Transparent Society Linkfest

Tim blogged about the transparent society a few weeks ago (Suburban Mom Embraces The Surveillance Society and whocalled.us), and as so often before the blogosphere seems to hit a hivemind. During the last 48 hours several interesting stories have popped up — from Danish health survey mashups to sex baiting. Linkfest ahead:

  1. Waxy’s account of a social experiment carried out recently on Craigslist. The story involves Jason Fortuny, a web designer, who decided to 1) post a fake request on craigslist, posing as a submissive woman looking for dominant men, and then 2) publishing all the responses he got online. Many of the respondents used their real names and gave out other personal information making them identifiable.
    (Waxy’s post is entirely sex free and SFW. He warns you when linking into NSFW territory.)

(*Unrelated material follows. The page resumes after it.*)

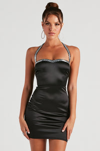 Show off a sleek sparkle in this silky satin mini dress. It features a sleeveless sweetheart neckline with a chic sequin embroidered trim at the bust, thin halter straps with sequin embroidery, and a short, curve-hugging silhouette. The smooth satin-knit fabric offers a moderate stretch. Style with rhinestone heels for a night out at the club.

  2. Findvej.dk/smiley is Google Maps mashup of restaurant and supermarket sanitary code violations for Frederiksberg, a suburb of Copenhagen. The smiley system used is a somewhat annoying – if charmingly simple – Danish government standard for health code status. (Nb. Don’t buy milk at Elite Supermarket when you’re in Copenhagen for reboot come next June)

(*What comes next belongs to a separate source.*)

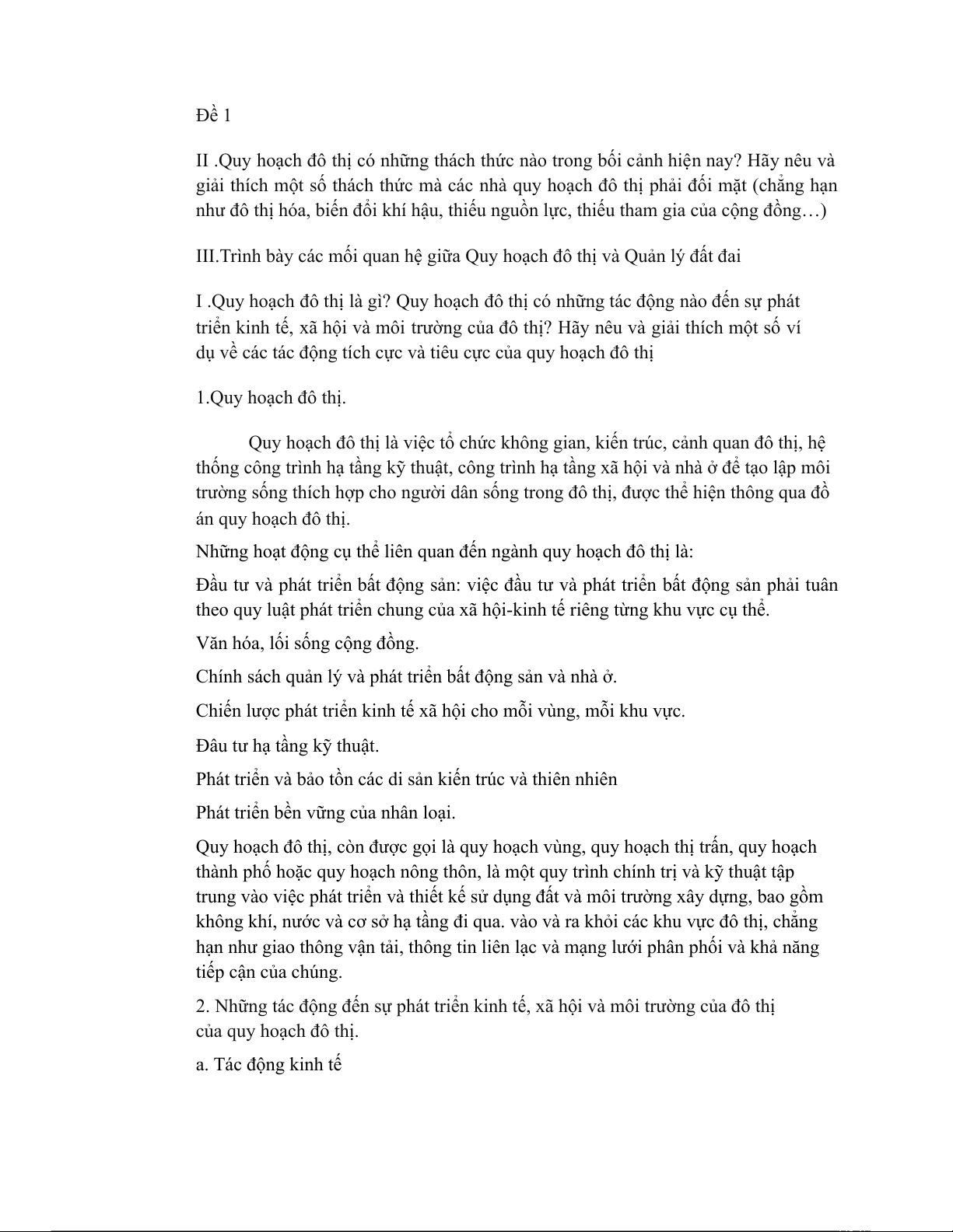 2. Những tác động đến sự phát triển kinh tế, xã hội và môi trường của đô thị của quy hoạch đô thị. a. Tác động kinh tế

  3. Quite alarmist reporting in this one, but nonetheless – can and should Apple track stolen iPods?
  4. Facebook users are unhappy about a new “personal feed” feature of the social network based on the sentiment that this isn’t networking, but stalking.

It seems as if each of these privacy and surveillance stories are able to put a different spin on surveillance and privacy, indicating perhaps that it is already the case that the ethics aren’t really tied to privacy and surveillance as such but just to each individual’s use of all of this data in the specific situation.